King’s
Theatre, Edinburgh
Three
stars
The
shadow of St Paul’s hangs over a war-torn London throughout this revival of
Hattie Naylor’s adaptation of Sarah Waters’ brooding novel of overlapping
lives, brought to life for this current tour by the Original Theatre Company
and York Theatre Royal. It’s there in 1947, where the story starts with Phoebe
Pryce’s rudderless former war-time ambulance worker Kay, wandering the bombed-out
London streets in search of old certainties and lost love as the crux of a romantic
triangle with Florence Roberts’ Helen and Izabella Urbanowicz’s Julia. It’s
there too as Waters’ story rewinds, first to 1944, then to 1941, both less
indifferent times that show how Helen ended up running a dating agency for
those attempting to get back to how things were.

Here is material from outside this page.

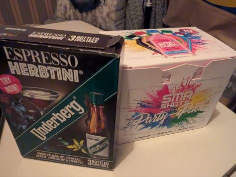 … inget av det ovanför (sist jag var där köpte jag en liten flaska Freixenet, som jag har havssalt i nu). Det jag köpte var en paket Små Sure och en ”låda” 19 crimes på burk (vitt vin), Underberg Espresso och en burk karameller Swiss Alpine Herbs.

That was before the first
excited flush of her affair with Julia left her in a similar state of decline.
Everybody
is bereft in the first half of Alastair Whatley’s production, with both Helen’s
assistant Viv and Viv’s brother Duncan attempting to find some kind of
salvation by holding on to the past. As they cling to each other for dear life in
the emotional crossfire, like St Paul’s, they survive. Like the blitzed houses
they once occupied, however, they are empty shells, sleep-walking their way
through loveless half-lives in the rubble.
A
slow-burning sense of sadness permeates the world conjured up by David Woodhead’s
set and the midnight blues of Nic Farman’s lighting, with Whatley’s cast of
eight woozily pulsed along by Sophie Cotton’s stately score. Through the slow
unfurling of fractured lives, we see the damage inflicted on a generation whose
accidental flight into personal liberation as much as something greater ends up
leaving them with nothing once they come blinking into the light. If things don’t
always catch fire here, Naylor’s reimagining of Waters’ story nevertheless lays
bare the need to find a reason to live throughout dark times.